The task: Only the lines from the one containing "夏威夷冰丝短袖衬衫男生夏季美式潮牌痞帅花衬衣宽松百搭开衫上衣" to the end of the records belong in the copy. Reproduce them word for word and drop the pictures.

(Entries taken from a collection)
*** Begin section ***
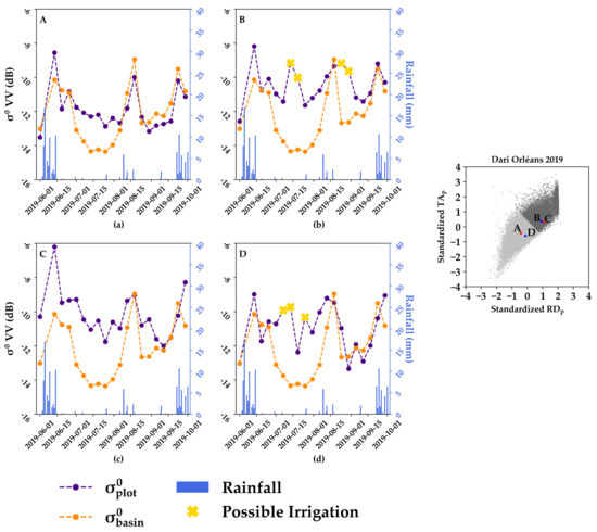 Temporal series of S1-VV backscattering coefficients at plot scale () in indigo and basin scale in orange between June and September 2019 for four different plots in Orléans: (a,b) are, respectively, rain-fed and irrigated reference plots correctly classified in Dari and S2IM models, (c,d) are, respectively, rain-fed and irrigated reference plots misclassified in the Dari model and well classified in the S2IM. Blue bars show the rainfall data. Yellow crosses represent potential irrigation events on the plots. The cluster figure to the right shows the irrigated/rain-fed clusters generated by the K-means model overlaid with the four plots. According to in situ data, plots A and C are rain-fed whereas plots B and D are irrigated.
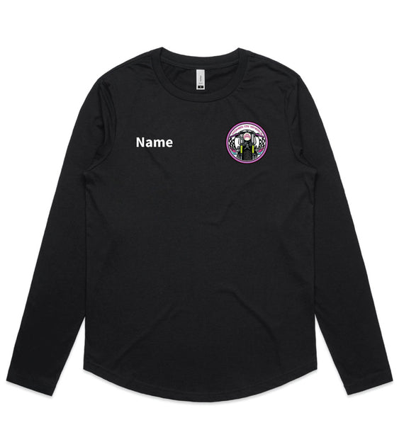2XL and 3XL long sleeved tees include cuff and straight edge at bottom.
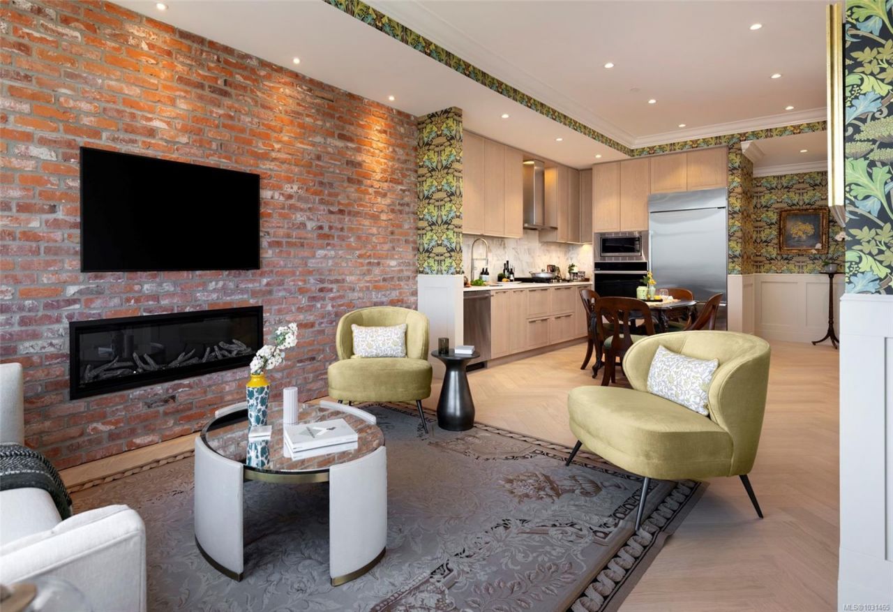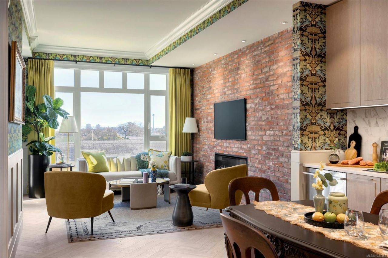 This stunning display home showcases wainscotting, crown mouldings, William Morris wall coverings and other timeless upgrades throughout, making it a truly unique place to call home. This spacious 1-bed, 1-bath home features a practical floorplan with 9'7 ceilings, 8' doors, and herringbone oak flooring. The chef-inspired kitchen offers a GE Monogram appliance package, 5-burner gas cooktop, tile backsplash, and Italian ash cabinetry with pull-out shelving. The spa-like bathroom includes a soaker tub and frameless glass shower. The living area features a brick wall and electric fireplace, adding character and comfort. Building amenities include...read more
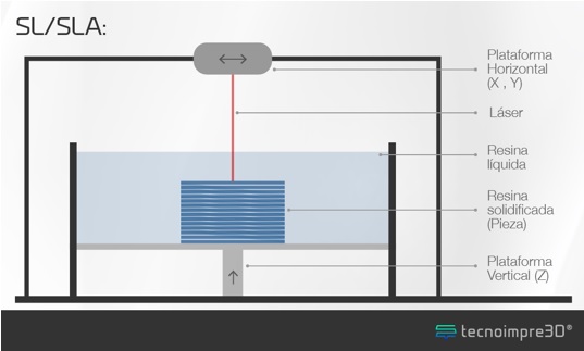 Estereolitografía (SLA): utiliza un rayo láser que se mueve para construir el objeto, capa por capa, de un polímero líquido que se endurece en contacto con la luz del láser. SLA está bien establecido para las aplicaciones de prototipado rápido. (Heutger, & Kückelhaus, 2016). Ver figura 8.
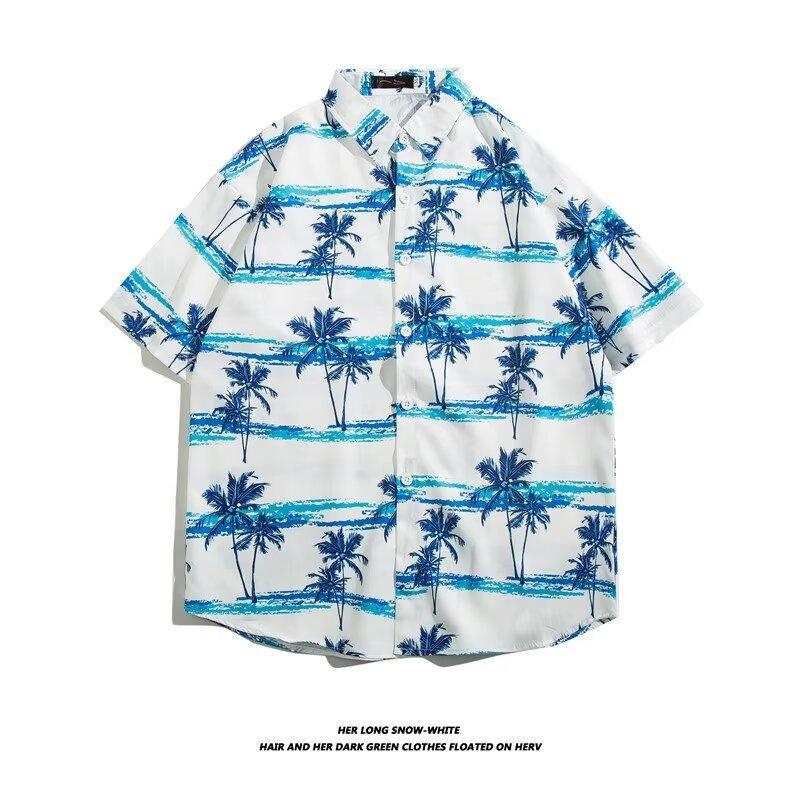 夏威夷冰丝短袖衬衫男生夏季美式潮牌痞帅花衬衣宽松百搭开衫上衣
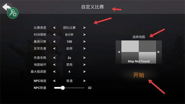 3、确认无误后,选择地图后点击“开始”进入战场。
*** End section ***
Task answer:
 夏威夷冰丝短袖衬衫男生夏季美式潮牌痞帅花衬衣宽松百搭开衫上衣
 3、确认无误后,选择地图后点击“开始”进入战场。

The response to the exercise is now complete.